A guide to property co-ownership
With property prices still increasing considerably faster than wages, the issue of affordability isn’t going away any time soon. Plus, the tightening of lending regulations means it is harder to even get a loan.
With the urgency to buy ever present, some savvy Gen Y’s are collaborating with friends and family to buy a property together and get onto the property ladder sooner – this trend is called co-property ownership.
Before you pick up the phone and ring your bestie…be warned whilst it can work really well for some people, it does come with risks. Here is a look at the pros and cons of buying a property with friends or family and how you can avoid things turning nasty.
What are the benefits of co-ownership
- Ability to pool your money with friends or family to buy your first home or enter the market as an investor sooner than you would be able to do on your own
- You can borrow more money than you would have been able to on your own
- Reduces how much each owner needs to save in order to purchase a property
- More options as to the type of property you can buy
- Reduces the transaction costs, maintenance and household bills
What are the risks of co-ownership
- Co-owning a property may effect future borrowing power as lenders assess the whole co-ownership loan as your responsibility not just your share of the loan
- One of the owners wants to sell up and the other doesn’t
- One of the co-owners isn’t sharing the on-going costs causing tension
- Joint responsibility for home loan repayments can become a problem if one partner defaults
- Situations change, relationships break down and one or other co-owner may need to sell the property urgently
How to reduce risks of co-ownership
Before you enter into any arrangement it is critical you talk to your solicitor / conveyancer / accountant as everyone’s situation is different. When working out the legalities, think about the worst case scenario and plan to address that...better to be prepared than not.
1. Choose your partners carefully
Buying a property with a friend or family member is a massive decision – make sure you choose someone you trust, who shares your views and passions about property. Protecting your friendship and relationships should be paramount.
2. Finances discussed in DETAIL
Make sure you clearly understand your family or friend’s financial situation; can they cover their share of the home loan, are there any potential cash flow problems that might impact on your meeting the joint home loan repayments. All financial decisions must be discussed and documented.
3. Check you have aligned property goals
Ensure your property purchase goals aligned. Make a list of the must have’s and nice to have’s. List down the suburbs that you agree on, neighbourhood features, and property specifications such as an apartment, house, block size, structural requirements, whether it is an investment or whether you are going to live in it together etc
4. Discuss how you will exit from the co-ownership partnership
Having an exit strategy is important. Make sure you consider what will happen if one of you dies or becomes seriously ill or disabled (not a nice thing to consider, but important), or if one of you gets a cut in pay or a losses their job, goes bankrupt, the relationship changes, the property is sold at a loss or one owner wants to sell before the other.

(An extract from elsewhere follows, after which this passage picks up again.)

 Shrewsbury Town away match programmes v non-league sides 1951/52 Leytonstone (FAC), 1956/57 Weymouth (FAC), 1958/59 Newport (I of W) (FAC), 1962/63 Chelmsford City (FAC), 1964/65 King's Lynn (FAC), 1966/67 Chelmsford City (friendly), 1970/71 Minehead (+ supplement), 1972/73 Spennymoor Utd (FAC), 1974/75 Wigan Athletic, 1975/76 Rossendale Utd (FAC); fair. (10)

Having clarity from the beginning can help you be prepared for the worst.
5. Determine the structure of the property ownership
There are 2 main ways to structure co-ownership purchases – Joint Tenants or Tenants in Common.
Tenants in Common refers to ownership over a property where the owners don’t automatically have a right to survivorship (for example friends or siblings). There can be a number of owners and the shares in the property don’t need to be equal. For example 2 people can buy a property for $400,000 and one of the buyers may put in $300,000 therefore owning a share of three quarters. Or the 2 people may decide to go 50/50 and own equal number of share.

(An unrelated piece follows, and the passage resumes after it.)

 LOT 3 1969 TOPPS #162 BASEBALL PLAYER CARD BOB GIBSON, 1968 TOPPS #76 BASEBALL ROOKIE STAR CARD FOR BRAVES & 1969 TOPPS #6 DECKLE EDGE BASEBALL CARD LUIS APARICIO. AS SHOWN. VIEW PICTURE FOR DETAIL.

Joint Tenants refers to property ownership in which each party on the title holds an individual interest in the property. It comes with the right of survivorship meaning that when one of the joint tenants die, the interest of the deceased passes to the surviving joint tenant and is not considered part of the estate of the deceased.
Before you decide on the best structure for you talk to your conveyancer or solicitor about your individual situation and objectives.
6. Co-ownership agreement drawn up by your solicitor / conveyancer
Avoid arguments by agreeing things in advance and getting it written up by a solicitor. A co-ownership agreement can help protect you and your friendship and should cover every possible issue, rule and solution. Think worst case scenarios and determine how to resolve the issues. For example you may agree that if one wishes to sell, the other co-owner has first right of refusal to buy their share of the property. Forward planning can help prevent dramas later on.
7. Find the right home loan
Talk to your home loan provider about the right loan for you. There are options to have joint home loans and ones that are specifically designed for co-owners. Make sure you get independent advice on what will work best for your personal circumstances
8. Get independent legal advice
It is essential that you get independent legal advice from your friend or family member, to ensure you lead with your head not your heart.
9. Document everything
Keeping a record of every discussion, all payments, expenses and an inventory of individually owned items and shared items.
10. Research the market
Rushing in and buying the first property you see without doing any research into the national and local market, the neighbourhood and even the street is a mistake. Knowing how much similar properties are selling for in the area is important so you don’t pay too much. Your local LJ Hooker agent have local market reports that can help you understand the market, plus attending multiple open for inspections and auctions will all help ensure you become a bit of a property expert. Use our handy inspection checklist and keep notes on why certain areas offer higher prices than others…don’t rush into any purchase you might regret.